Belgique

Karel De Gucht, c'est un gars carré. Un gars qui dit ce qu'il pense et qui rechigne à y mettre les formes. Les francophones ne sont fréquentables que si les Flamands peuvent leur "rentrer dedans comme dans du beurre" et , quoiqu'ils fassent, ils devront quand même bien accepter ce qu'on leur impose. Voilà, en résumé, ce que Karel De Gucht vient de déclarer.

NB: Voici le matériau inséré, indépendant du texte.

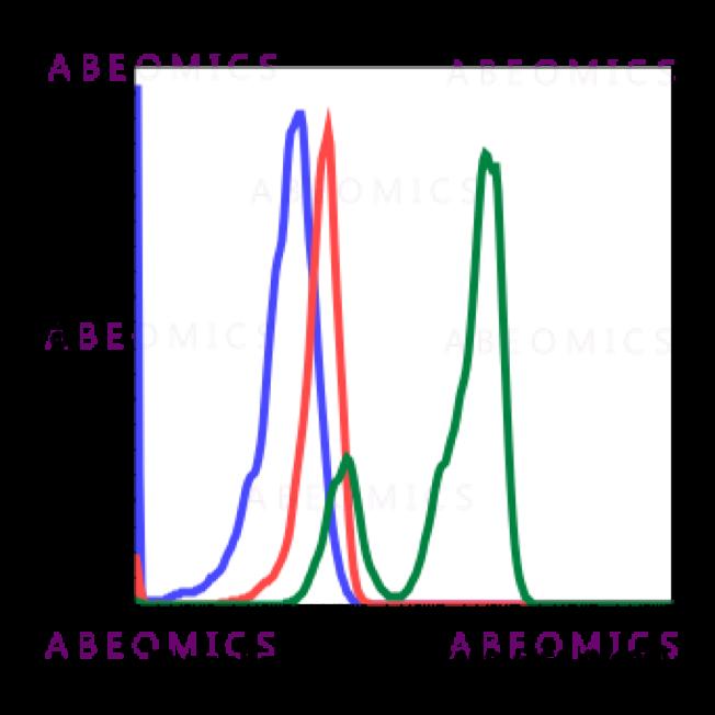 Fig-1: Flow cytometric analysis of Ramos cells secondary antibody only negative control (blue) or untreated (red) or treated with pervanadate (green) using Phospho-PI3 Kinase p85 (Tyr458)/p55 (Tyr199) antibody PI3KY458-1A11.
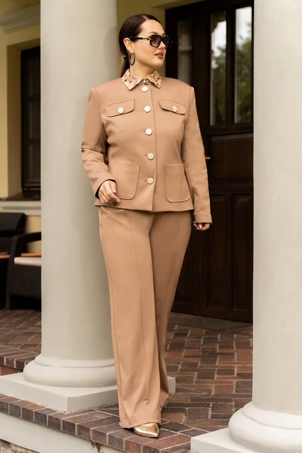 Костюм состоит из жакет на подкладке и брюк, из трикотажа шикарного бежевого цвета. Безусловная классика современная и всегда привлекает взгляды.Жакет прямого кроя, с круглым вырезом горловины . Жакет с центральной бортовой застёжкой на петли и пуговицы. На полочках обработаны накладные карманы и клапаны, жакет с плечевыми накладками. Брюки женские прямого силуэта, по переду пояс, по спинке пояс с эластичной резинкой. Брюки с боковыми карманами. Брюки со швом по переду, визуально вытягивающий силуэт.
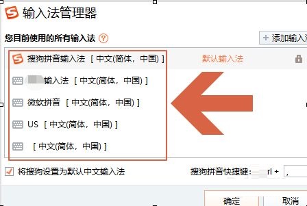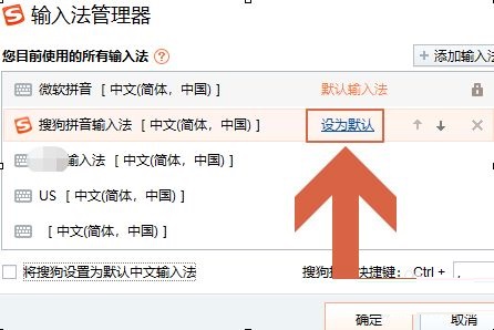 第六步:也可以将鼠标移动到搜狗输入法上方,然后点击右侧的“设为默认”(如图所示)。

On ne l'aurait pas relevé s'il avait été un illustre inconnu. Ou le leader d'un parti autonomiste. Mais voilà. Karel De Gucht est l'un des chefs de file de l'Open VLD. Il est aussi le ministre des Affaires étrangères de Belgique. On imagine le tollé qu'il provoquerait s'il devait déclarer un jour à la tribune des Nations unies "A terme, la loi du nombre l'emportera toujours". Il ne se l'autoriserait d'ailleurs pas. Mais quand c'est pour donner la leçon aux francophones de Belgique, il n'y a manifestement plus de retenue.

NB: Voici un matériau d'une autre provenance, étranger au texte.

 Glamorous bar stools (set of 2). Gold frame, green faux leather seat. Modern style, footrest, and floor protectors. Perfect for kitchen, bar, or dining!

L'équipe Leterme ne dispose plus que de 8 jours pour dessiner les contours d'une nouvelle réforme de l'Etat. Si elle échoue dans sa mission, la Belgique plongera à nouveau dans la crise politique ouverte. Karel De Gucht croyait-il vraiment qu'il allait faciliter la conclusion d'un accord en avançant aux francophones que leur voix pourrait peser "à terme" moins lourd que celle des Flamands ? Ce serait faire preuve d'un bien curieux sens de la négociation. L'humiliation n'est d'aucun secours quand on continue à vouloir la résolution pacifique des conflits. Puisse-t-il se souvenir qu'on est toujours la minorité d'une majorité. Les Flamands à Bruxelles par exemple. Olivier Maingain, le président du FDF, n'a pas dû se forcer pour le lui signaler.

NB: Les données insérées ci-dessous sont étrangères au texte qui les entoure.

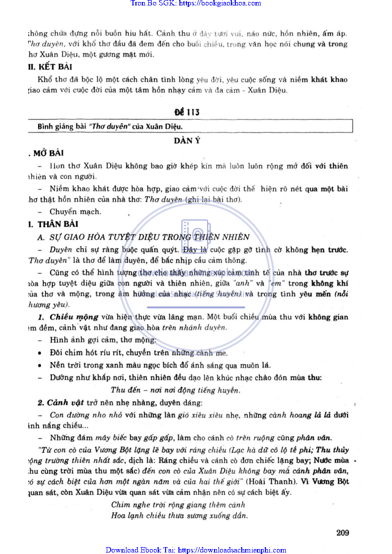 ĐỀ 113. BÌNH GIẢNG BÀI “THƠ DUYÊN” CỦA XUÂN DIỆU

Karel De Gucht a cependant une circonstance atténuante : il n'a fait que répercuter un sentiment dominant en Flandre. Le même sentiment qui avait conduit en novembre dernier les députés flamands à adopter à la quasi-unanimité une proposition de loi scindant Bruxelles-Hal-Vilvorde. Et qui permet de faire l'économie du compromis. Pourquoi en effet accepter des concessions si le seul fait du nombre doit suffire à l'emporter "à terme". Certains francophones ont cru qu'ils pourraient s'opposer à toute modification de l'architecture institutionnelle en dépit de la pression flamande. La Flandre pense désormais qu'elle pourra imposer ses désirs d'autonomie à la minorité francophone. Le dialogue paraît devenu impossible. Avant de conclure un accord institutionnel, il faudrait que chacun retrouve le sens du compromis. Il ne reste plus que 8 jours.